Probably 90% of the plants in our hobby are epiphytes that will grow on cork, may be a but more difficult to get some of then to grow on moapani. Use moss as the base and many plants will do great.

Iagree with all on the orchids, so expensive but very rewarding.


----------



## NM Crawler (Jan 23, 2012)

That the last thing i need to do is spend a ton of money on orchids...lol. I would differently brake the bank trying to fill 7 tanks. Thanks for the heads up and if anyone has plant clippings they would like to sell please contact me. Thanks again

David


----------



## glass frog (Dec 19, 2011)

I have a couple masdivalias growing on mopany and they seem to love it even with no moss around the roots.


----------



## frogparty (Dec 27, 2007)

NM Crawler said:


> That the last thing i need to do is spend a ton of money on orchids...lol. I would differently brake the bank trying to fill 7 tanks. Thanks for the heads up and if anyone has plant clippings they would like to sell please contact me. Thanks again
> 
> David


blasphemy. take a stroll through Andy's Orchids - Orchid Species - Orchids - Species Specialist - Orchids on a stick and tell me that to my face.

Gastrochilus japonicus....cork mountedc









Racinaea crispa....driftwood mounted









Bulbophyllum kalimpong.....ghostwood mounted









Pleurothallis allenii.....malaysian driftwood mounted


----------



## NM Crawler (Jan 23, 2012)

Frogparty your killing me! I just took a stroll threw Andy's and most definitely my wife would divorse me if I placed a order! Absolutely stunning orchids, I just had a metal rack fabbed up that will hold 21 tanks when all is said and done. Love the look of orchids but I can't swing them rite now. Especially sense I need to order Four 60 inch led bars from Todd next week.


----------



## Groundhog (Dec 17, 2006)

Pumilo said:


> I don't know about the Mopani, but as far as cork bark goes, vines love it, orchids, pretty much any epiphyte I've tried, epiphyte ferns, Pepperomia Prostrata, Pepperomia serpens, selaginella, all types of dischidia. Those are the first that pop into mind.


Pumilio: I am going to assume that David (the OP) is new at this. Here is how I'd fine-tune your list for a beginner (I try to eschew neologisms like "noob") 

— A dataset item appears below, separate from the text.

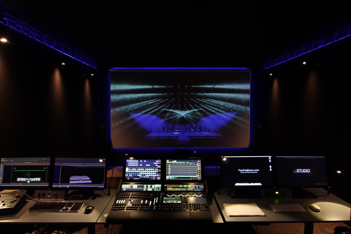 And on the right side space for working on media servers and timecode timelines. All the desk’s are on wheel’s and electric adjustable in height for high flexibility of the space.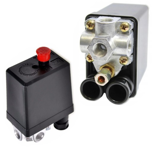 Wyłącznik ciśnieniowy do kompresora. Wyłącznik automatycznie wyłącza kompresor gdy ciśnienie osiągnie maksymalną wartość i włącza go gdy wartość ciśnienia spadnie.

In addition to neoregelias/tillandsias?

Peperomia quadrangularis (=angulata)
Pep orba
Pep prostrata (in a spot where it won't get smothered)
a small Rhipsalis cactus
Anthurium scandens
Anth gracile? (If the mount is big enough)
a Microsorum fern
*One* easy beginner' orchid (Dinema polybulbon; if he has to have a pleurothallid, I would start with a Restrepia like brachypus, maybe Pleurothallis grobyi, definitely not a Masdevallia or Dracula)

This list is all New World, and it is all some pretty tough, forgiving plants. Either way, I'd avoid Dischidia--some can be so vigorous that they overtake the other plants before the latter realize what hit 'em (for example, I could see it annihilating the P. prostrata). If I had to grow one, it would be on the other side of the tank! 

Incidentally, isn't the Pep we call serpens actually nitida?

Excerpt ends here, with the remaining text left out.